[EXTRACTED MATERIAL — start]

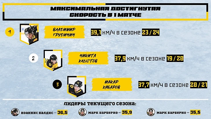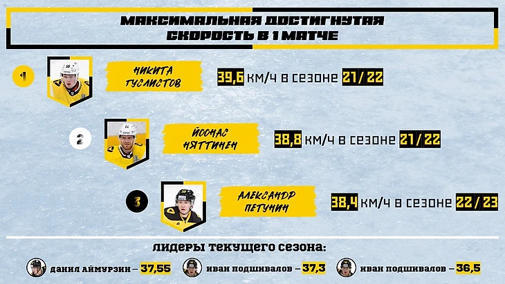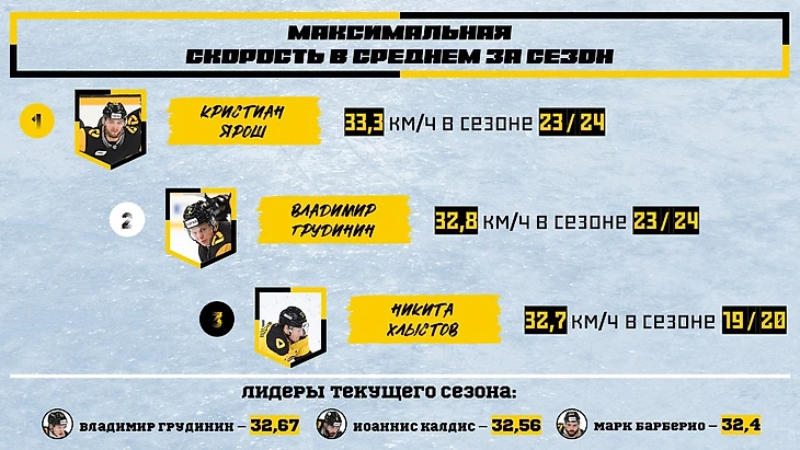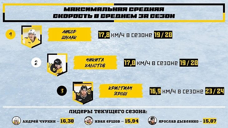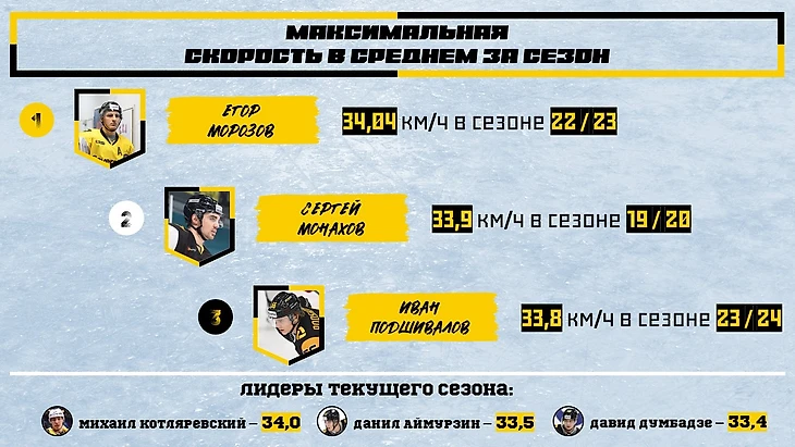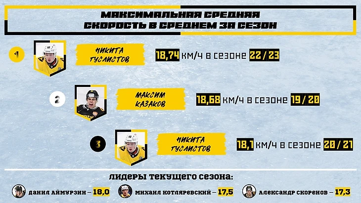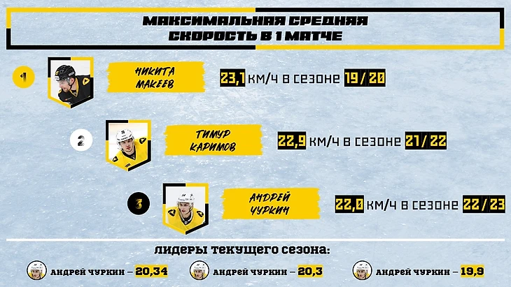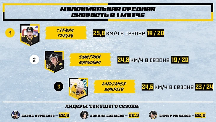 Средняя скорость в течение 1 матча. Вся тройка лидеров максимально непредсказуемая, многие вообще таких игроков не вспомнят, но статистика зафиксирована и рекордсменом уже несколько лет является Герман Грачев со скоростью 25 км/ч. Как и защитники, нападающие этого сезона сильно отстают от тройки.
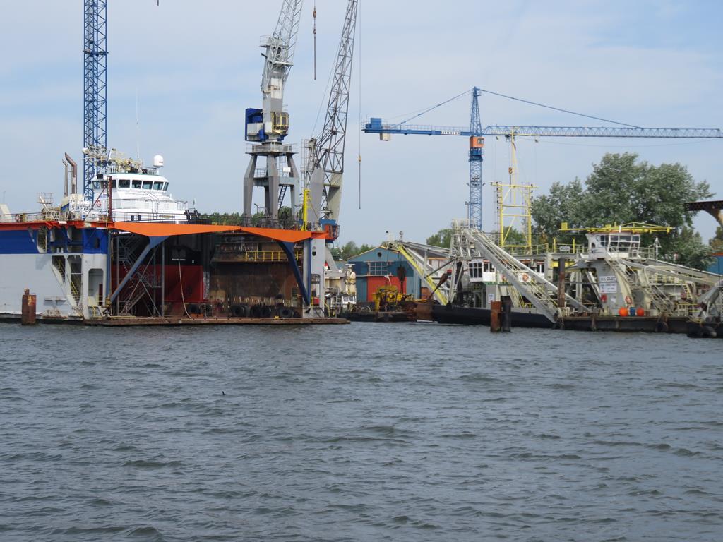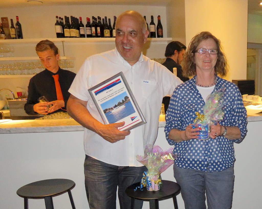 Mit Vollgas, die Taxis haben offenbar nur zwei Möglichkeiten für die Geschwindigkeit, hüpfen wir über die Wellen der Berufsschiffe. Nach ca. 12 Minuten erreichen wir, komplett durchgeschüttelt, den Zielort. Die Hafenrundfahrt führt uns zuerst am rechten Ufer entlang zu Tal. Es ist sehr eindrücklich, die Aktivitäten im grössten Hafen in Europa direkt mit zu erleben. Das Sido Schiff biegt in die Hafenbucht, wo die Hochseeschiffe, welche Seekabel verlegen und andere Arbeitsschiffe gewartet werden, ein. Sehr interessant, dies aus der Nähe anzuschauen. Nach der Rückkehr können allen den Tag nach eigenen wünschen gestalten. Nächster Fixpunkt ist das "Kapitänsdinner", welches im Restaurant des Euromasten stattfindet. Ein nicht zu toppender Ort, um die Aussicht über die Stadt und den Hafen zu geniessen. Das Nachtessen mit den 5 Gängen und dazwischen die Fahrt mit der drehbaren Aussichtsplattform zur Spitze des Turmes, war fantastisch! Peter und Elisabeth werden noch mit Glückwünschen und einem kleinen Präsent als neue Eigner ihrer Zattera überrascht. Die Heimfahrt zu unseren Schiffen mit den Wassertaxi klappt wieder ausgezeichnet, so dass wir kurze Zeit später auf unseren Schiffen sind.
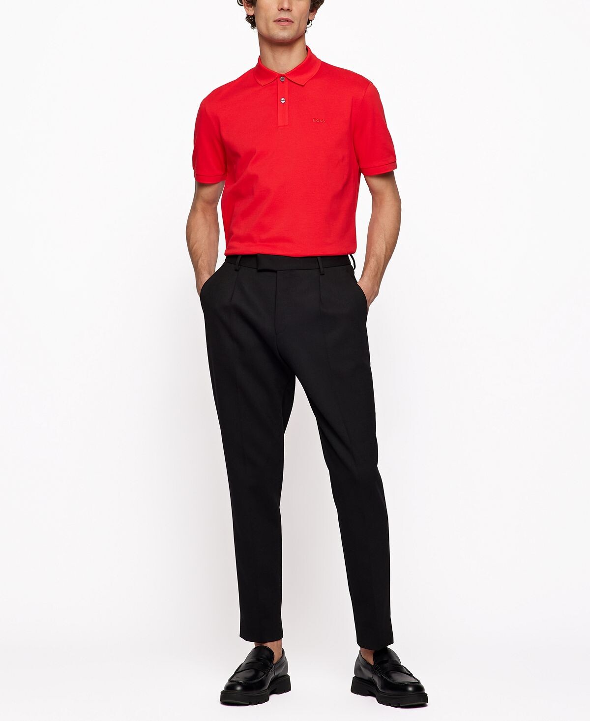 Спортивная рубашка-поло обычного кроя от BOSS Menswear. Эта рубашка-поло из мягкой ткани пике украшена фирменной тесьмой на внутреннем воротнике и вышита на груди однотонным логотипом BOSS.
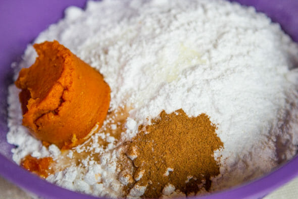 - Before frying the doughnuts, make the glaze. In a medium bowl, mix powdered sugar, corn syrup, salt, pumpkin pie spice, canned pumpkin and vanilla.
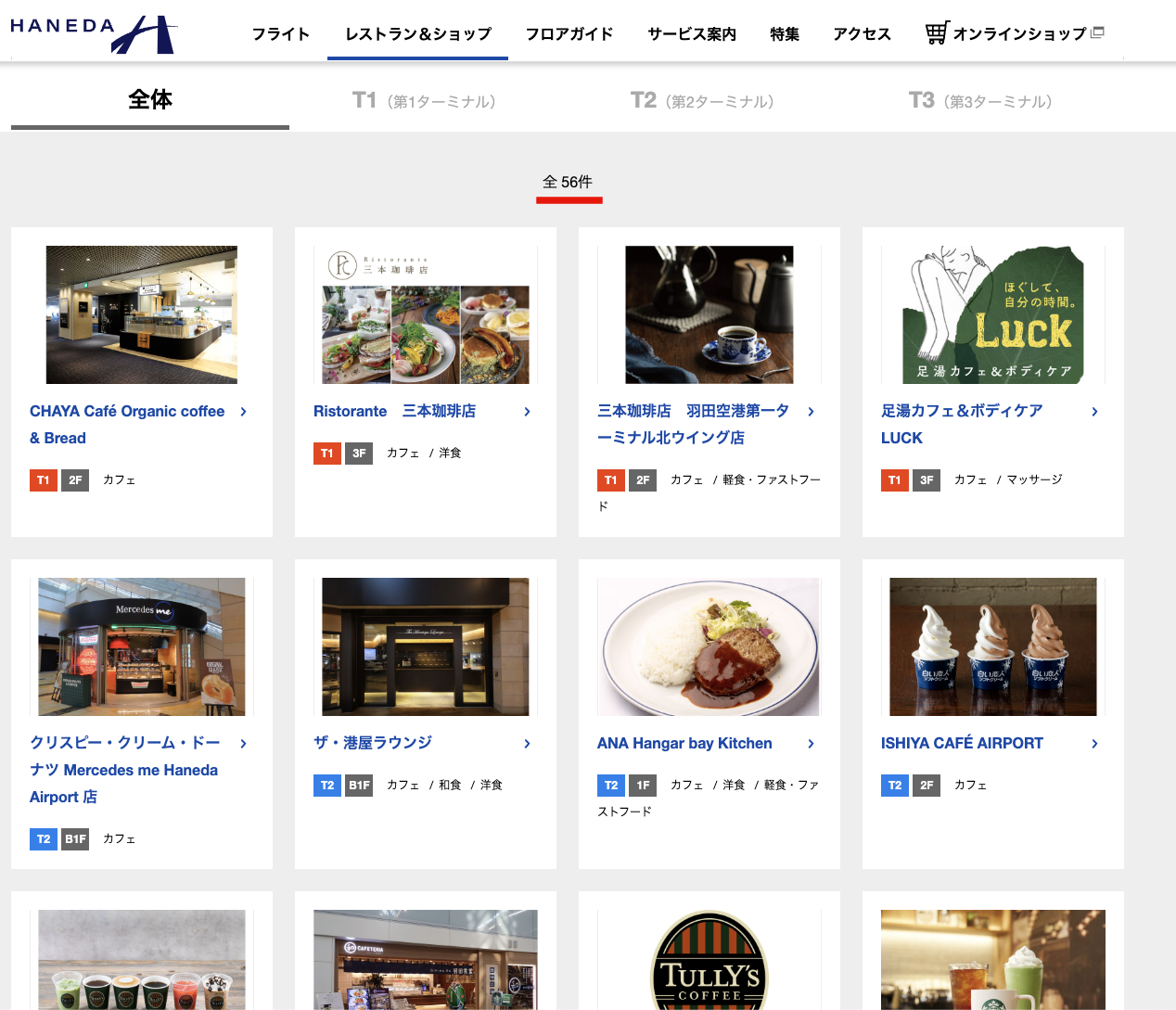 羽田空港のレストラン検索 で検索した様子。羽田空港には56件のカフェがあるようです。ただしコーヒースタンドやお土産屋さんなど作業スペースがない店舗もたくさん出てくるので注意
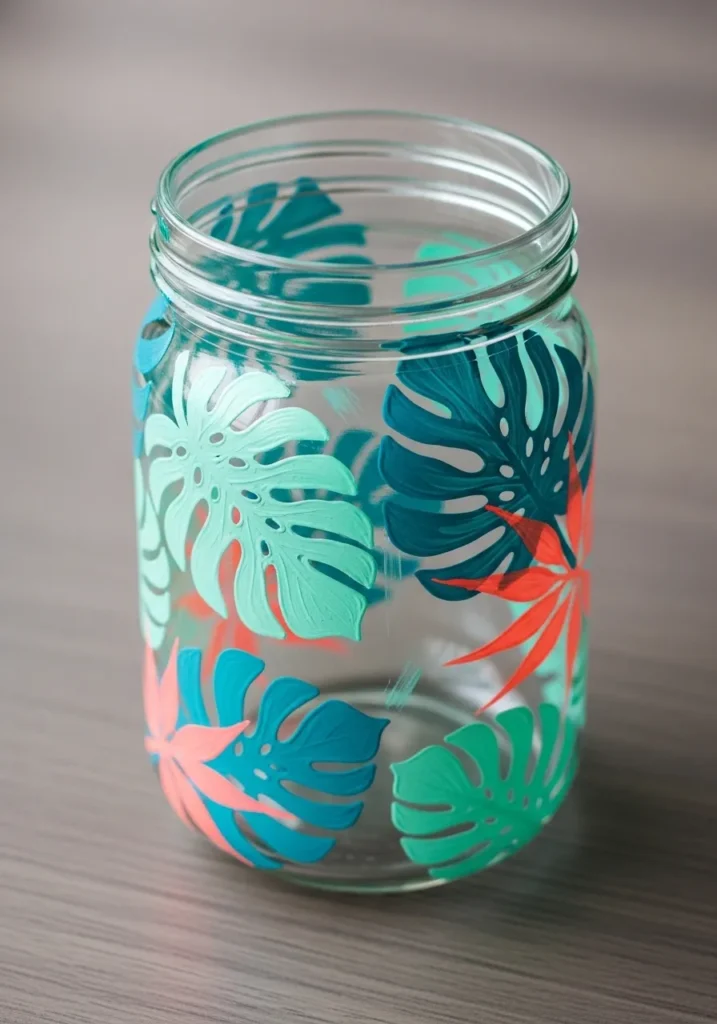 This design brings a punchy jungle vibe to a classic clear glass jar through bold layered leaves. The color palette is a refreshing mix of teal, mint green, and deep forest hues, accented by unexpected pops of bright coral. Each monstera leaf is painted with thick acrylics that create a slightly raised texture, giving the jar a tactile and high-end feel. The overlapping patterns and varied leaf shapes make the glass appear almost like a designer terrarium without the maintenance of real plants.
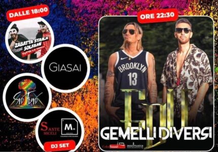 La serata partirà dalle ore 18:00 con la Zabatta crew, a seguire si esibiranno 2 band appartenenti al territorio, i Syd Floyd e i Giasai, riscalderà il pubblico prima del grande concerto Dj Sante Miceli per concludere alle ore 22:30 con l’arrivo dei Gemelli Diversi.
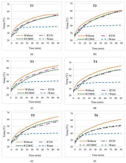 The temperatures at the end of the run, after 90 min, attained by channels T1 to T6 with PCMs RT28HC and RT50 and water are tabulated in Table 5. As deduced from these data, both the low-melting PCM RT28HC and the high-melting PCM RT50 would reach the molten state. Having undergone complete phase transformations, the end temperatures are well above the melting peak for the PCMs, 28 and 49 °C, respectively.
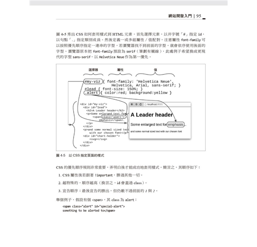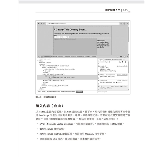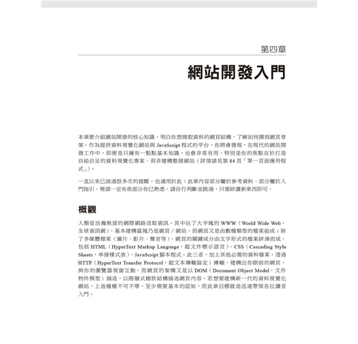 本書主要是介紹資料視覺化(data visualization,簡寫dataviz)工具鏈,在網際網路的時代,已經開始佔據主流地位;這套工具鏈的導引原則在於:你從手上資料挖掘出來的珍聞軼事,不論是何種有洞見的資訊,都值得在網路上擁有一個網站,供其他瀏覽器存取,既然能夠放在網站上,也就代表著你可以自由選擇如何散佈成果,可能只供少數幾人存取(使用認證機制或限定為區域網路),或是開放給全世界觀看,這是網際網路現身後,最為關鍵的要點,更是目前資料視覺化領域快速擁抱且支援的能力;這麼說來,資料視覺化領域的未來,一定會有JavaScript參...
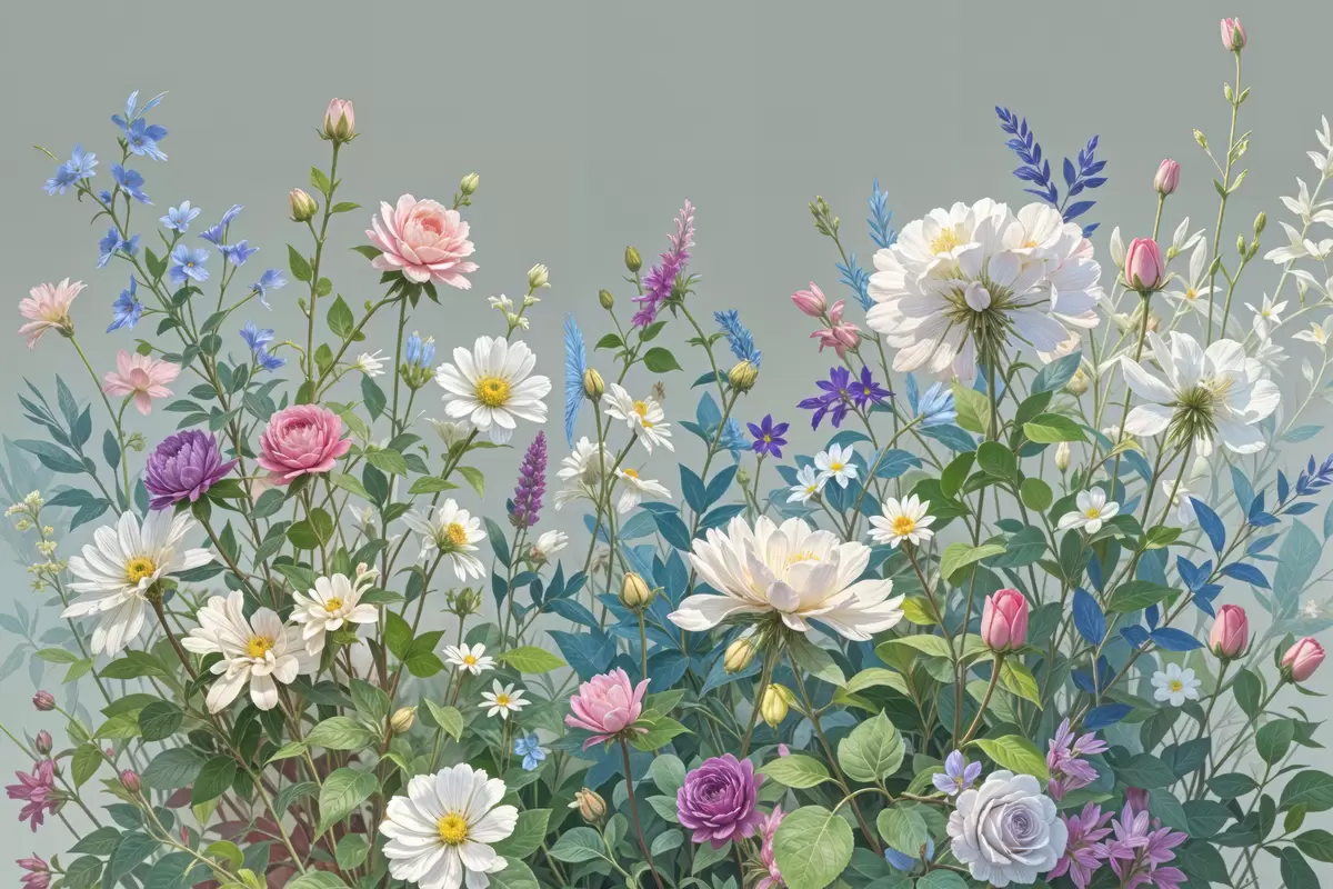 Poster Un jardín exuberante y vibrante lleno de una variedad de flores coloridas y plantas florecientes sobre un fondo gris. Nr f40393

[EXTRACTED MATERIAL — finish]

[YOUR OBJECTIVE]
In the entries above, find the line containing "- Before frying" and the line containing "The temperatures at", then copy both and every line between them exactly, without any picture.

[WRITTEN SOLUTION]
 - Before frying the doughnuts, make the glaze. In a medium bowl, mix powdered sugar, corn syrup, salt, pumpkin pie spice, canned pumpkin and vanilla.
 羽田空港のレストラン検索 で検索した様子。羽田空港には56件のカフェがあるようです。ただしコーヒースタンドやお土産屋さんなど作業スペースがない店舗もたくさん出てくるので注意
 This design brings a punchy jungle vibe to a classic clear glass jar through bold layered leaves. The color palette is a refreshing mix of teal, mint green, and deep forest hues, accented by unexpected pops of bright coral. Each monstera leaf is painted with thick acrylics that create a slightly raised texture, giving the jar a tactile and high-end feel. The overlapping patterns and varied leaf shapes make the glass appear almost like a designer terrarium without the maintenance of real plants.
 La serata partirà dalle ore 18:00 con la Zabatta crew, a seguire si esibiranno 2 band appartenenti al territorio, i Syd Floyd e i Giasai, riscalderà il pubblico prima del grande concerto Dj Sante Miceli per concludere alle ore 22:30 con l’arrivo dei Gemelli Diversi.
 The temperatures at the end of the run, after 90 min, attained by channels T1 to T6 with PCMs RT28HC and RT50 and water are tabulated in Table 5. As deduced from these data, both the low-melting PCM RT28HC and the high-melting PCM RT50 would reach the molten state. Having undergone complete phase transformations, the end temperatures are well above the melting peak for the PCMs, 28 and 49 °C, respectively.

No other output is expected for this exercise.